Chapter 10. GelScape

Contributed by Paul Stothard, Bioinformatician, Canadian Bioinformatics Help Desk, University of Alberta

Young N, Chang Z, Wishart DS. GelScape: a web-based server for interactively annotating, manipulating, comparing and archiving 1D and 2D gel images. Bioinformatics. 2004 Apr 12;20(6):976-8. Epub 2004 Feb 5 [PubMed] [PDF].

Do you run a lot of protein gels?
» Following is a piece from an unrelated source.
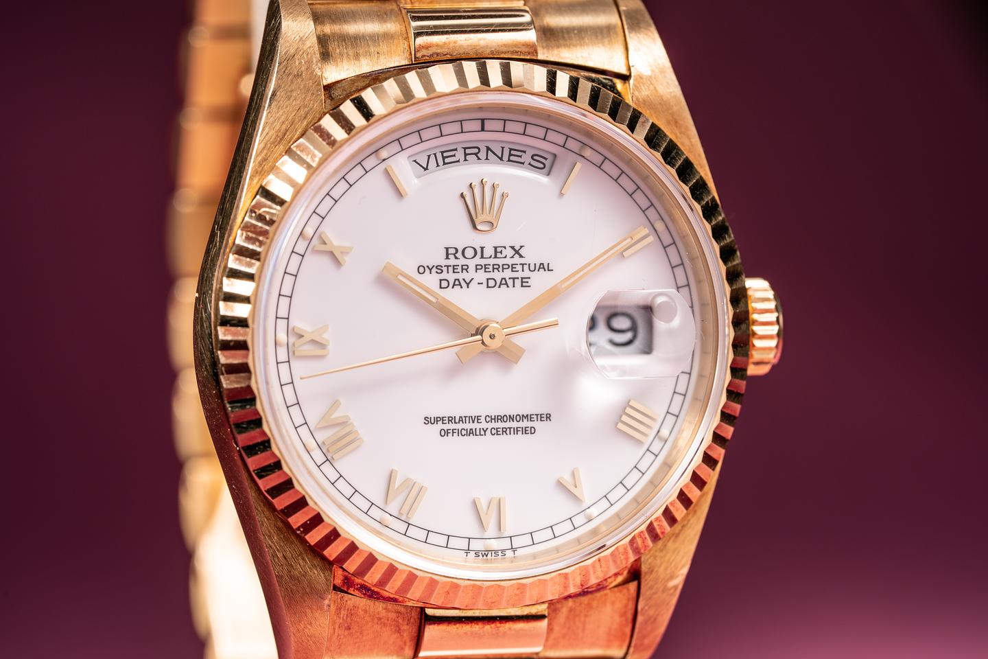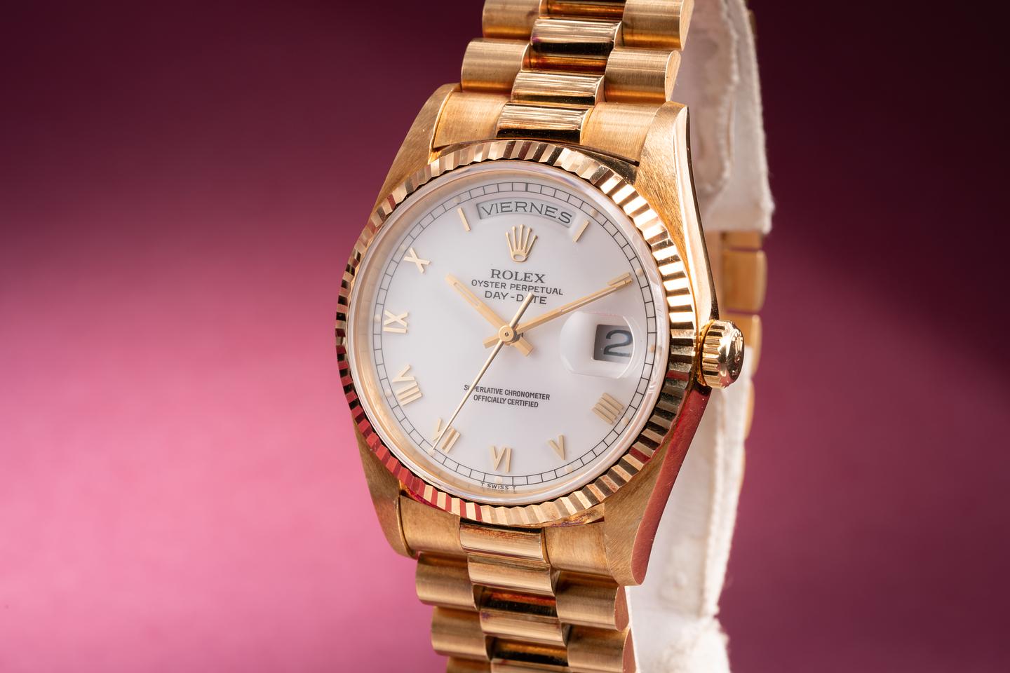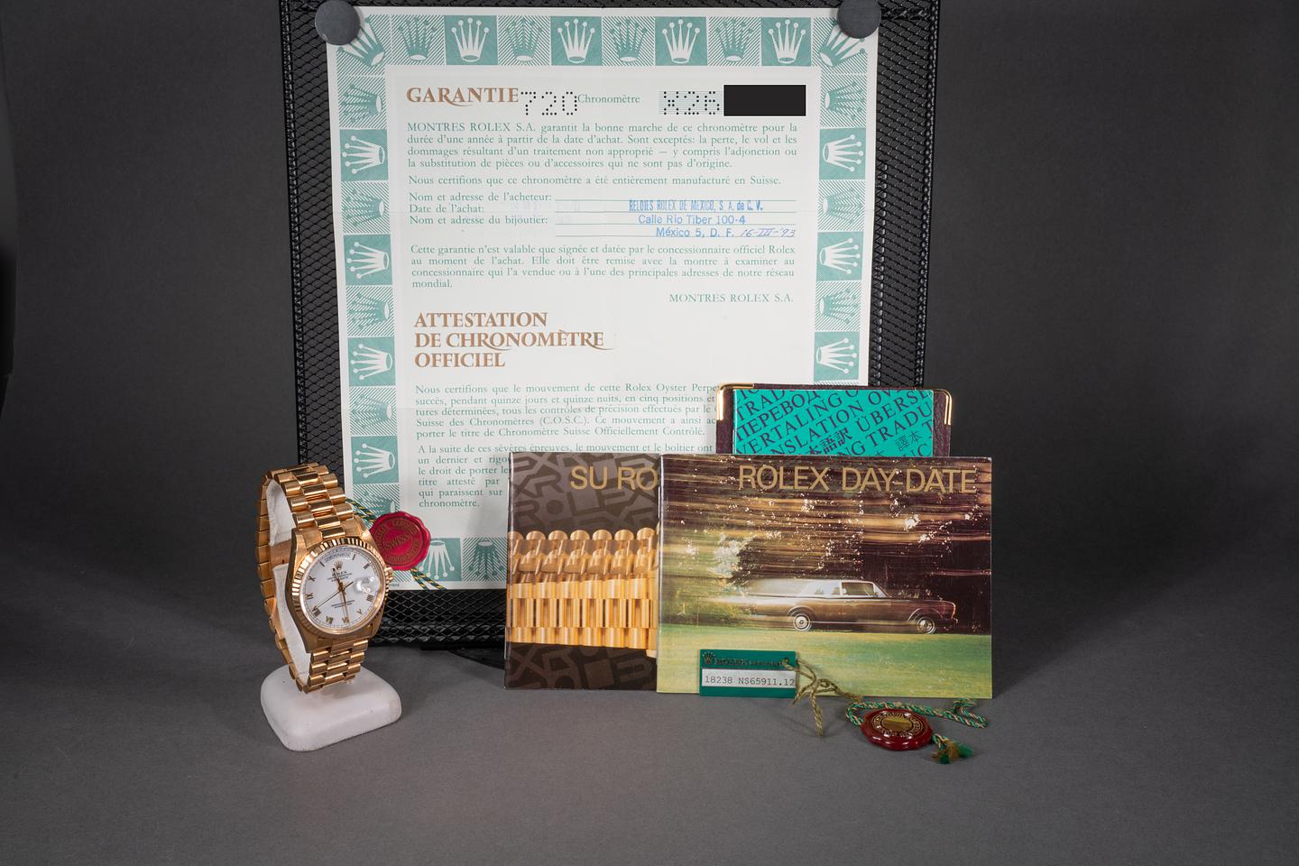 Bracelet: The 23 link 18k yg President bracelet is excellent showing only light stretch for its age. The clasp is stamped with a 1993 date code.

Do you find yourself searching for gel images from your previous experiments, either for comparison purposes or when it is time to publish? Keeping track of gel images can be a daunting task. There is help however—a new web-based tool called GelScape. GelScape stores your images in a private database, and it allows you to add detailed annotations, so that the information needed for interpretation is always available (Figure 1). But the most exciting feature of GelScape is that it permits accurate gel comparisons, through image morphing, annotation transfers, and image overlays. GelScape can be used online at http://www.gelscape.ualberta.ca/, or it can be installed and run locally. Because it is written in Java, GelScape can run on any current computer with a web browser. The price is right too--it's completely free! Commercial products with similar features typically cost between $3000 and $5000. Additional information, including a GelScape tutorial, is available at the above website.

GelScape Screen Shot

Figure 1. GelScape's Annotate&View Mode. This mode allows the end user to annotate and view spots on a gel. In the above 2D gel image, the ATP5B spot is selected, as indicated by the green cross in the left pane, and annotation about this spot (protein name, spot label, Swiss-Prot/GenBank ID, spot volume, organism, cellular location, MW, comments) appears in the right pane.